What else in Starter??

Spring Boot Starter Project Options

As we see from Spring Boot Starter Web, starter projects help us in quickly getting started with developing specific types of applications.
  • spring-boot-starter-web-services - SOAP Web Services
  • spring-boot-starter-web - Web & RESTful applications
  • spring-boot-starter-test - Unit testing and Integration Testing
  • spring-boot-starter-jdbc - Traditional JDBC
  • spring-boot-starter-hateoas - Add HATEOAS features to your services
  • spring-boot-starter-security - Authentication and Authorization using Spring Security
  • spring-boot-starter-data-jpa - Spring Data JPA with Hibernate
  • spring-boot-starter-cache - Enabling Spring Framework’s caching support
  • spring-boot-starter-data-rest - Expose Simple REST Services using Spring Data REST

Other Goals of Spring Boot

There are a few starters for technical stuff as well
  • spring-boot-starter-actuator - To use advanced features like monitoring & tracing to your application out of the box
  • spring-boot-starter-undertow, spring-boot-starter-jetty, spring-boot-starter-tomcat - To pick your specific choice of Embedded Servlet Container
  • spring-boot-starter-logging - For Logging using logback
  • spring-boot-starter-log4j2 - Logging using Log4j2
Spring Boot aims to enable production ready applications in quick time.
  • Actuator : Enables Advanced Monitoring and Tracing of applications.
  • Embedded Server Integrations - Since server is integrated into the application, I would NOT need to have a separate application server installed on the server.
  • Default Error Handling

Spring Boot vs Spring

Spring

  • Spring is just a dependency injection framework.
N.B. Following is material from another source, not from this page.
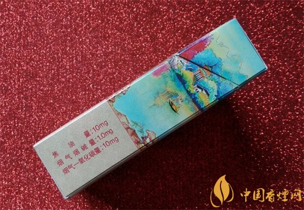 盒右側(cè)標(biāo)注著明確的理化值,1.0mg煙氣煙堿量,10mg焦油量,10mg煙氣一氧化碳量,上端印有夢幻般的江南風(fēng)景圖案,風(fēng)格獨特,特別的討喜,以年輕人的審美觀來看,非常有檔次和個性,有一種獨特的韻味。

Spring focuses on the "plumbing" of enterprise applications so that teams can focus on application-level business logic, without unnecessary ties to specific deployment environments.
  • First half of the 2000 decade! EJBs
  • EJBs were NOT easy to develop.
  • Write a lot of xml and plumbing code to get EJBs running
  • Impossible to Unit Test
  • Alternative - Writing simple JDBC Code involved a lot of plumbing
  • Spring framework started with aim of making Java EE development simpler.
  • Goals
  • Make applications testable. i.e. easier to write unit tests
  • Reduce plumbing code of JDBC and JMS
  • Simple architecture. Minus EJB.
  • Integrates well with other popular frameworks.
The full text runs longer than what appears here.